Assignment 4 – Finding the Beginning

Chris Mallory

Anne of Green Gables by L. M. Montgomery

The conflict in this story is Anne vs. the Avonlea citizen’s attitudes. Anne Shirley is an orphan searching for a home, a place to belong.

In the first chapter, Mrs. Rachel Lynde, the town busy body, sees Mathew Cuthbert, dressed in his Sunday best, driving the buggy down the road one afternoon when he should have been out sowing turnip seed. She hurries over to Green Gables to ask his sister where he is going and why. Upon finding out that Mathew and Marilla have decided to adopt an orphan boy to help with the farm work, she is very much opposed to the idea.
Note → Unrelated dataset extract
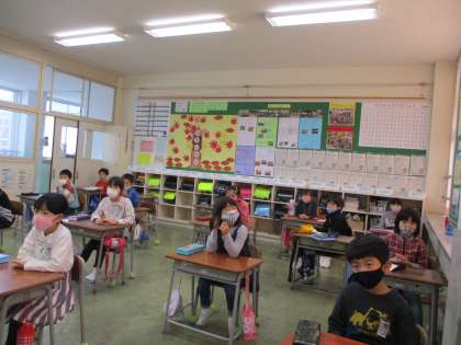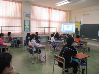 プロジェクターから映し出される、フラッシュかけ算の九九を口に出して答えました。聞こえてくる声よりも早く九九を唱えようとして集中しながら取り組みました。

Mrs. Rachel tells Marilla horror stories about adopted orphans, and one in particular about a girl that poisoned the well and killed the whole family. But, as Marilla replied, they were going to get a boy, not a girl. This chapter lets the reader know exactly what the conflict will be; any orphan introduced into this community would probably not be welcomed immediately and would be viewed with suspicion. People in Avonlea didn’t take children out of orphan asylums – it just wasn’t done. In the next chapter, the reader finds out (if they couldn’t tell from the title!) that Mathew and Marilla’s orphan is a girl, not the boy they expected – and that, of course, will add to the conflict, too.

When Mathew meets Anne in chapter two, he discovers that not only is she not a boy, but that she has an Imagination – not necessarily a good thing for a girl living in a small farming community at that time. He also finds out that she wants a home more than anything, and he hasn’t the heart to tell her that there’s been a mistake. So he takes her home to Marilla and they decide to keep her. Anne tries to conform to Avonlea society, but her Imagination causes her to get into various scrapes throughout the book and in the end it’s what the people of Avonlea love most about her – her fresh way of seeing the world. If Anne’s imagination had been more conventional for her time and place, if, for example, she made particularly beautiful quilts or absolutely wonderful strawberry-rhubarb preserves, there would have been less conflict and not much of a story; I doubt the book would still be popular after all these years.